General information
- Founded: 2003
- Folded: 2015
- Headquartered: New Orleans, Louisiana at the Smoothie King Center
- Colors: Purple, red, black, tan, white
- Mascot: Bones & Mojo

Personnel
- Owner: Arena Football League
- CEO: TBA
- General manager: TBA
- Head coach: Dean Cokinos
- President: TBA

Team history
- First franchise New Orleans VooDoo (2004–2005, 2007–2008); ; Second franchise Bossier City Battle Wings (2001–2003); Bossier–Shreveport Battle Wings (2004–2010); New Orleans VooDoo (2011–2015); ;

Home fields
- Smoothie King Center (2004–2005, 2007–2008, 2011–2015); Mercedes-Benz Superdome (2013);

League / conference affiliations
- First franchise: Arena Football League (2004–2005, 2007–2008) National Conference (2004–2005, 2007–2008) Southern Division (2004–2005, 2007–2008); ; Second franchise: (as the Battle Wings from 2001 to 2010) af2 (2001–2009) National Conference (2001–2003); American Conference (2004); National Conference (2005–2009) South Central Division (2001); Central Division (2002); Southern Division (2003); Midsouthern Division (2004); Midwestern Division (2005–2006); Southwest Division (2007–2009); ; Arena Football League (2010–2015) American Conference (2010–2015) Southwest Division (2010); South (2011–2014); East (2015) ; ;

Championships
- Division championships: 3 Southern: 2004; Southwestern (af2): 2008, 2009;

Playoff appearances (6)
- af2: 2007, 2008, 2009; AFL: 2004, 2008, 2012;

= New Orleans VooDoo =

Arena football team

The New Orleans VooDoo were a professional arena football team based in New Orleans, Louisiana. They were members of the Arena Football League (AFL) from 2004 to 2015.

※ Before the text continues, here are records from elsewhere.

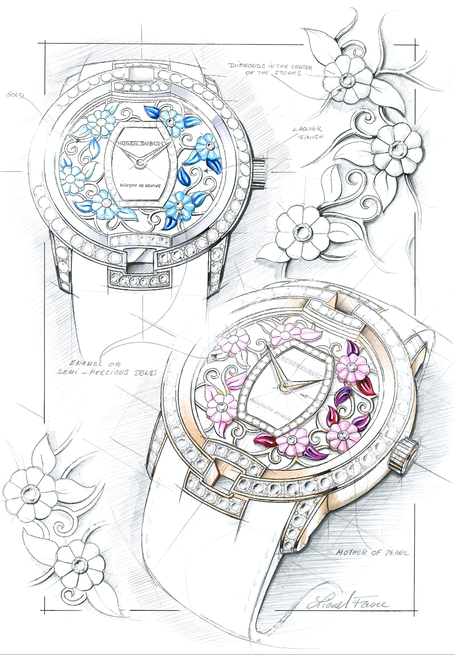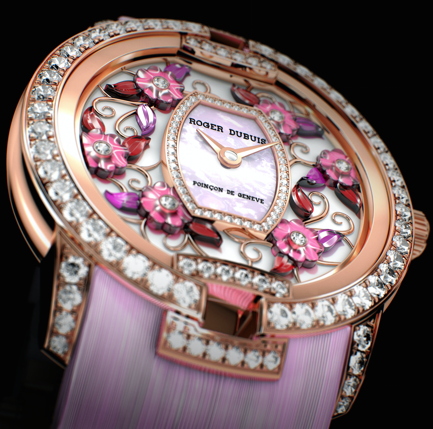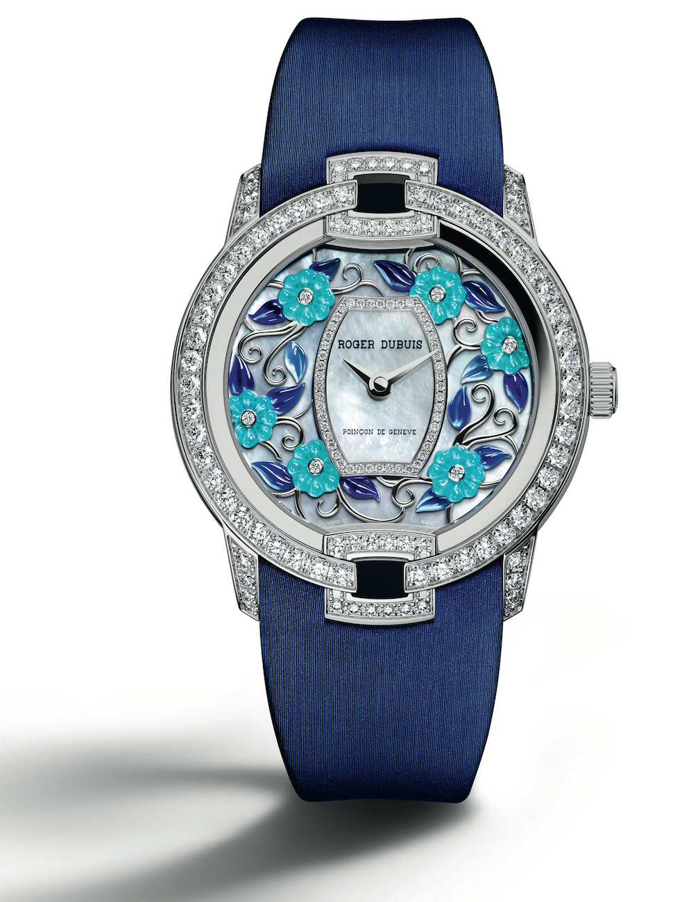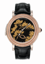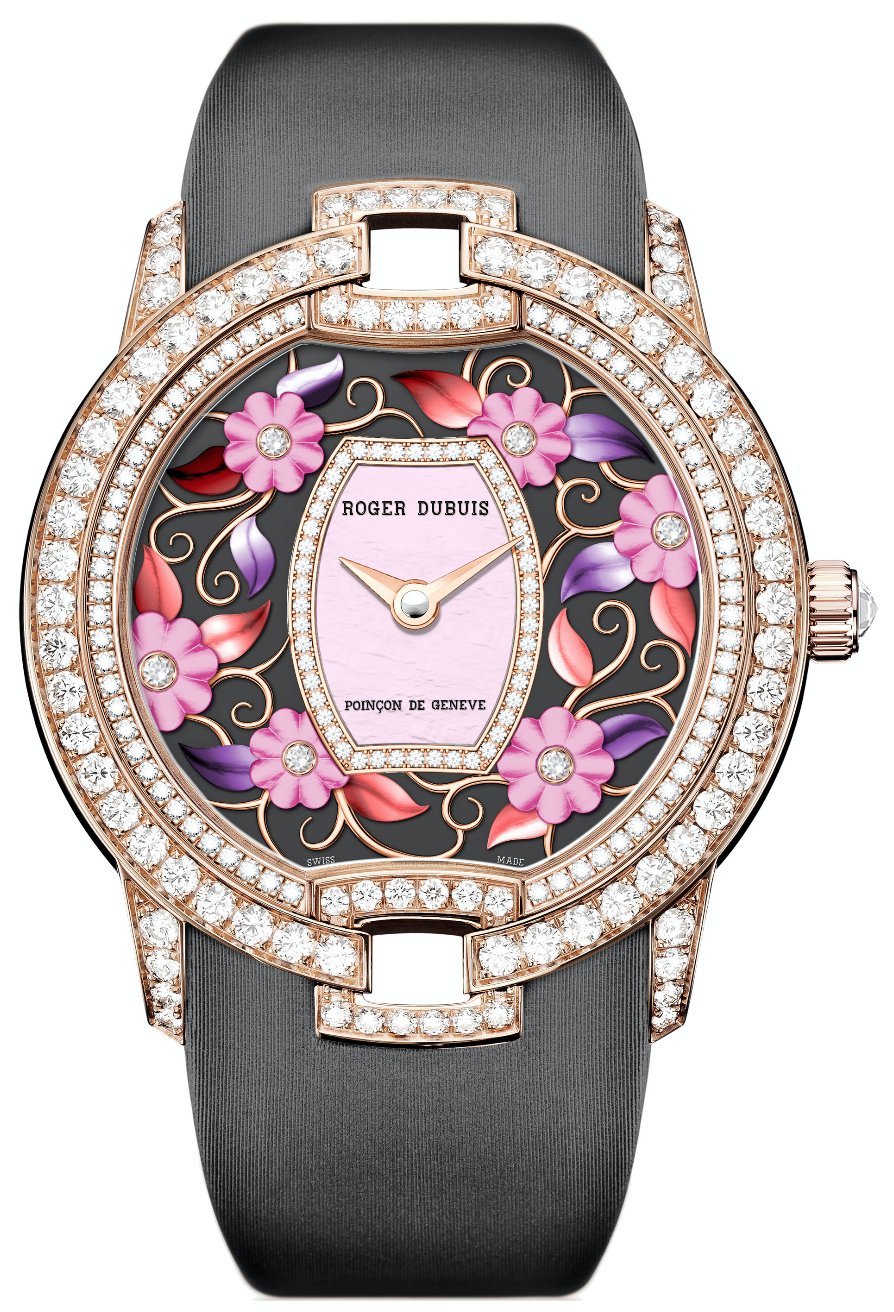 Velvet Blossom: creatividad y misterio. Se logra un relieve en la carátula gracias a la utilización de grabado a láser con esmalte gran fuego sobre madreperla. Con ello se consigue un efecto en tercera dimensión. Exhibe engaste de diamantes para la caja.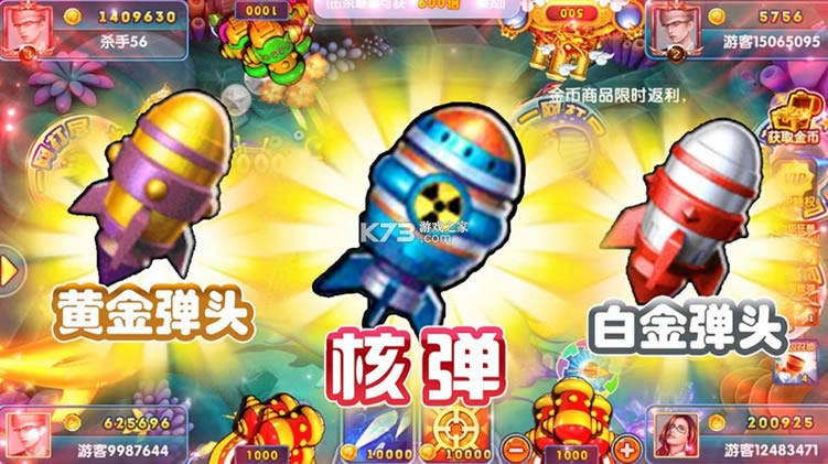 6、千万倍率:五种鱼炮,千百倍率随意切换,捕鱼也要有特色。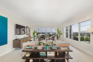 Welcome to Delray Beach, Seagate Manor 806! This beautiful 2-bedroom 2-bath, 55+ condo, located on the SE corner of the 8th floor, offers views of the ocean & Intracoastal Waterway. The bright living area flows seamlessly into the dinning & sun room, with views from every window. Subzero refrigerator & upgraded counters in kitchen. Primary suite features updated bath with double vanity & shower, 2 walk-in closets, and ocean views. Washer & dryer in its own room, providing more storage. The guest bed & bath includes an updated bathroom with a shower/tub, it is currently set up as an office, and walk-in closet for ample storage. All impact windows! Stroll down the street to beautiful beaches, vibrant nightlife & shopping on Atlantic Ave. Dock slips currently available.
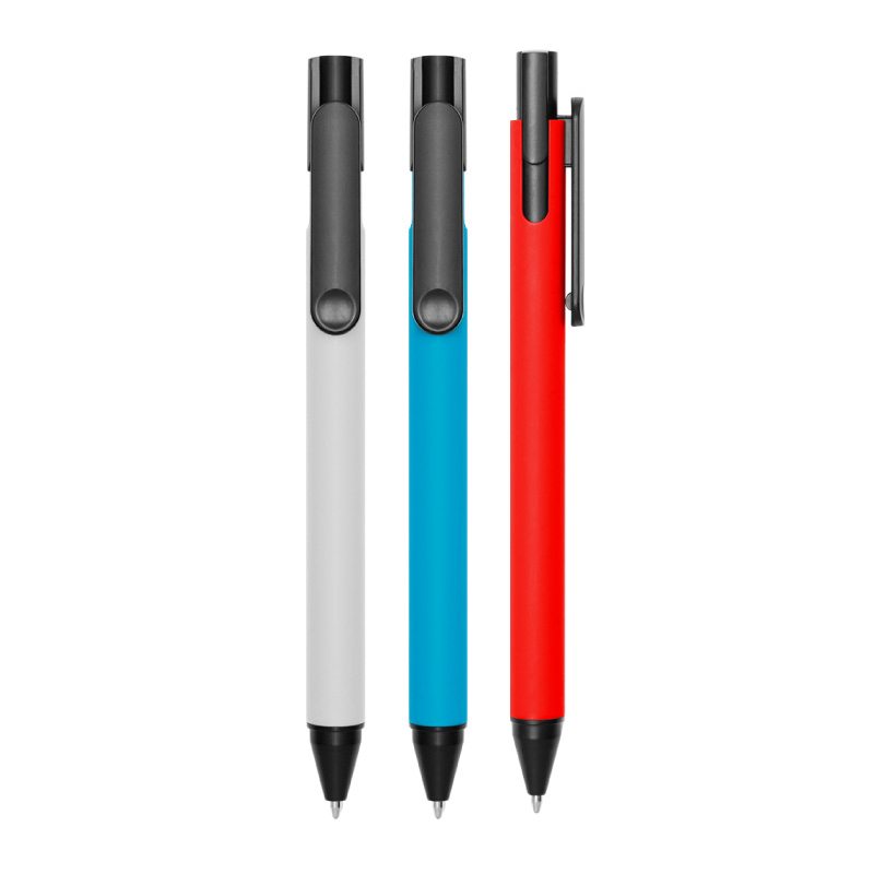 Plástico. Bolígrafo con pulsador. Cuerpo plástico de color. Pulsador, clip y puntera plásticos color negro. Detalle en el clip. Tinta negra.

The VooDoo were the second AFL team to play in New Orleans, the New Orleans Night, who had competed in the 1991 and 1992 AFL seasons in the Louisiana Superdome, one of the few stadiums capable of a full-size football surface to host arena football. In contrast to the Night, the VooDoo played their home games in both of their incarnations at the Smoothie King Center.

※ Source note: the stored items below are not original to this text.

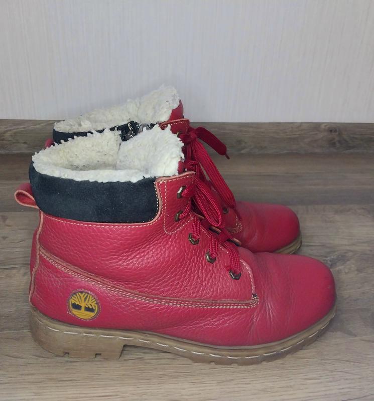 Зимние детские/подростковые ботинки красного цвета, выполненные из кожи. 36 размер Питательные Ботинки находятся в хорошем состоянии, удобны и теплые. Хотя на этикетке написано "Тимберленд", следует отметить, что это копия. Из существенных недостатков лишь небольшая проблема: на левом ботинке слегка сломан бегунок замка (4 фото), но это никак не влияет на функционирование самого замка. Отправка осуществляется Укр-почтой или Новой Поштой, является безопасной оплата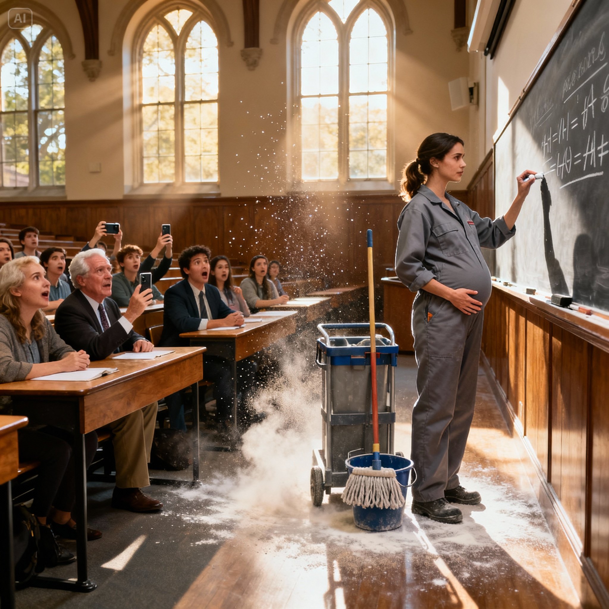 Laughter erupted like small waves. Carmen, who would have preferred to remain invisible, stopped. Humanity sometimes responds in a second: humiliation, pride, memory. She was more than a cleaner that morning; she was an intellect buried by circumstances no one seemed to remember. She looked at the blackboard. The equation was familiar to her. Her hands, accustomed to scrubbing floors, now rested on the cold surface of the chalk that Sebastián held with disdain.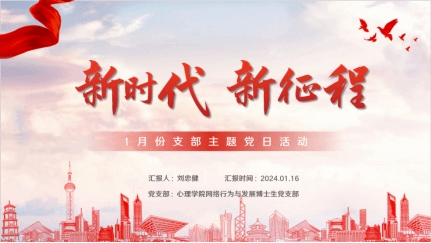 2024年1月16日晚上,华中师范大学心理学院网络行为与发展博士生党支部开展了1月份支部主题党日活动。本次活动由刘忠健同志领学,网络行为与发展博士生党支部全体党员参加了本次党日活动。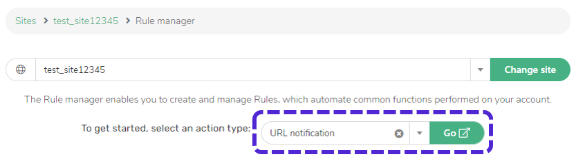 4. Select the action type “URL notification” from the drop-down and your browser will be redirected.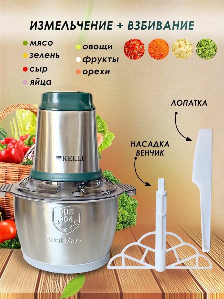Купить Измельчитель техно-вилка KELLI, электрический, 1.8 л, металлическая чаша, серебристый меланж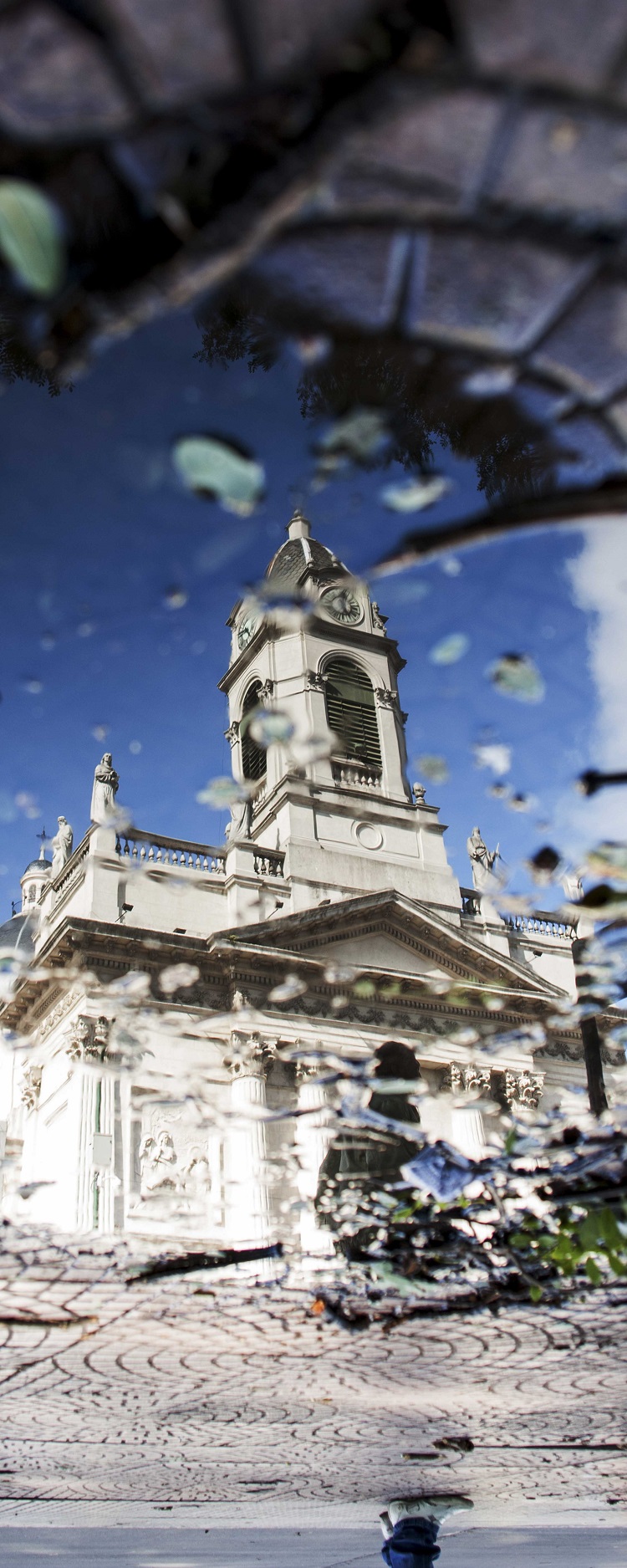El libro Espejos Urbanos de Sergio Castiglione, gira en torno a un ejercicio lúdico que incluye al espejo como base compositiva y a sus refracciones como modo de re-descubrir el espíritu de una ciudad desde sus ambientes entrañables. Arquitecto de formación, Castiglione es consciente del valor de la arquitectura y de sus códigos no sólo en la articulación de la trama urbana, sino en la conformación del legado cultural de un espacio que se redefine día a día. Las imágenes invertidas de los edificios que retrata -nacidas de la refracción que ejercen los charcos y el agua acumulada en las calles- ofrecen una visión poco común del motivo, una mirada que se inserta en el archivo existente del registro realista y, de modo particular, en el imaginario de esa Buenos Aires querida a la que tantos artistas han cantado desde la música y otras formas poéticas, ya sean visuales o escritas.

The original New Orleans VooDoo played in the AFL from 2004 to 2008, at which point the league suspended operations. During that time they were owned in part by Tom Benson, who also owned the National Football League's New Orleans Saints. At the completion of the 2008 season, VooDoo owner Tom Benson announced the disbanding of the VooDoo. This led to the termination of operations for the AFL and ultimate filing by the League of Chapter 11 Bankruptcy. The minor league affiliate of the AFL, af2, continued play through the 2009 season.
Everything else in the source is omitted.